Overview
Activities are the individual tasks that make up a release process. They represent the actual work that needs to be performed during a release and serve as the fundamental execution units within phases.
What is an Activity?
In Release Orchestration, Activities are the fundamental building blocks of a release process.
A Process is defined as a collection of phases. Each Phase is modeled as a logical group of activities. An Activity represents a single, atomic unit of work—automated, manual, or a nested subprocess.
Activities abstract what you want to do in the process, without forcing you to re-model the underlying pipelines or steps each time. This separation of concerns enables:
- Clarity: Activities have clear names and purposes (for example, "Run CI Pipeline" or "QA Sign-off")

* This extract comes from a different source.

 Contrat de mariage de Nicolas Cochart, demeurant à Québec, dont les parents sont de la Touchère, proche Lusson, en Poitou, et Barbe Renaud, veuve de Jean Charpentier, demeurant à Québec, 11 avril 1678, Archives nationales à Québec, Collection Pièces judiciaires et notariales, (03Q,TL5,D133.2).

- Flexibility: Change the implementation (the pipeline or script) without restructuring the entire process
- Reusability: Define an activity once and use it across multiple phases and processes
Why Activities?
Activities exist to provide a structured, reusable, and traceable way to model release workflows:
Reusable Unit of Work: Activities can be defined once and reused across:
- Multiple phases in the same process
- Multiple processes within the same account
- Multiple releases over time
Separation of Concerns: Activities separate process modeling (the release flow) from implementation details (pipelines, plugins, scripts). This allows process designers to focus on what needs to happen, while pipeline engineers focus on how it happens.
Easy Pipeline Consumption: Automated activities encapsulate Harness pipelines with input and output mappings, enabling seamless integration without embedding pipeline YAML directly in the process definition.

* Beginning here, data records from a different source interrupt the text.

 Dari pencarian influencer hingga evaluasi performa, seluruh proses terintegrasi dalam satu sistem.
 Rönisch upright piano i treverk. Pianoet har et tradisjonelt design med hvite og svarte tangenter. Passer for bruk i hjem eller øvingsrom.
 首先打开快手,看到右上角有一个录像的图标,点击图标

Traceability and Insights: Every activity execution is tracked with:
- Start and end timestamps
- Execution status (pending, running, succeeded, failed, on hold)

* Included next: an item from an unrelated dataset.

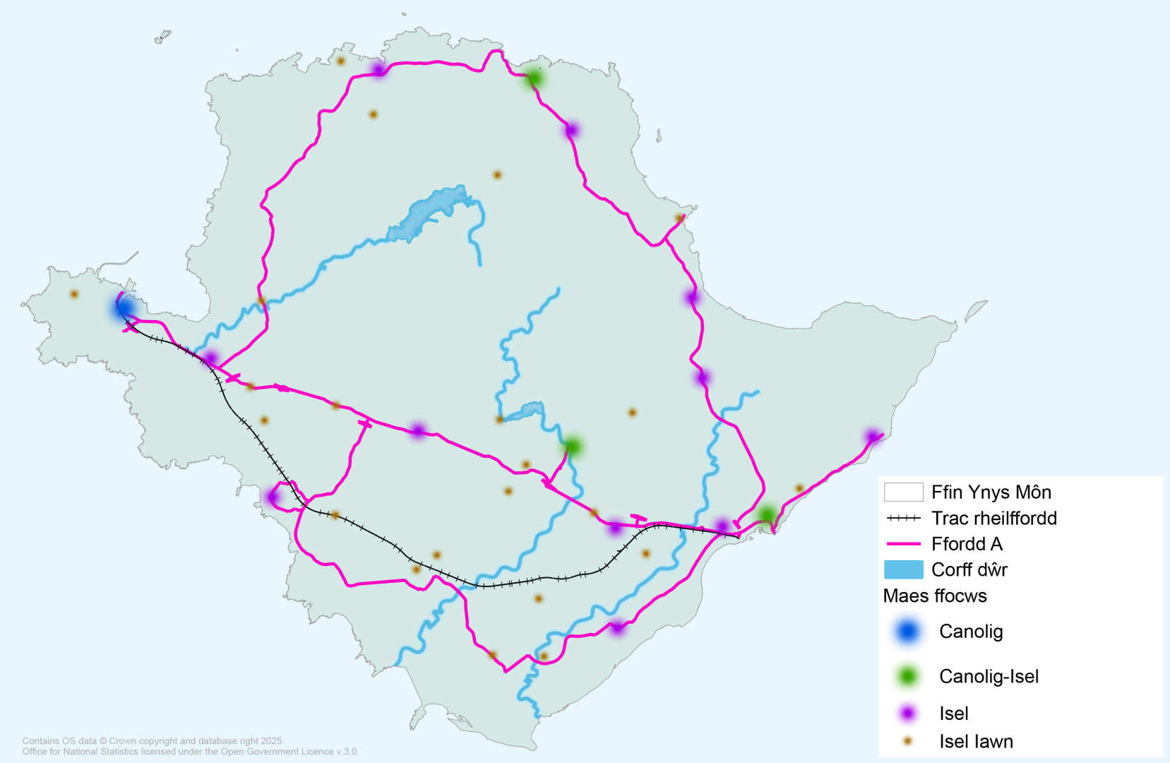 9.1.1 Byddai Opsiwn A yn canolbwyntio'r datblygu ar aneddiadau allweddol sylfaenol (canolfannau gwasanaethau is-ranbarthol a chanolfannau gwasanaethau trefol) Caergybi, Llangefni, Amlwch a Phorthaethwy. Mae'n barhad cyffredinol o'r strategaeth ofodol bresennol a nodir yn y CDLlC presennol. Fodd bynnag, mae dosbarthiadau rhai aneddiadau wedi newid o ganlyniad i'r Astudiaeth Aneddiadau wedi'i diweddaru. Mae Caergybi wedi cael ei hail-ddosbarthu'n ganolfan Is-ranbarthol ac mae Porthaethwy wedi cael ei huwchraddio o Ganolfan Gwasanaethau Lleol i Ganolfan Gwasanaethau Trefol.

- Inputs provided and outputs captured
- Approvals and sign-offs
- Audit trails for compliance
Governance and Control: Activities support approval gates, conditional execution, and dependencies, ensuring releases follow validated, compliant workflows.
Activity Types
Release Orchestration supports three types of activities, each serving different purposes in the release workflow.
Pipeline Activity (Automated)
Pipeline activities execute Harness pipelines automatically as part of the release workflow. They are the workhorses of automation in Release Orchestration.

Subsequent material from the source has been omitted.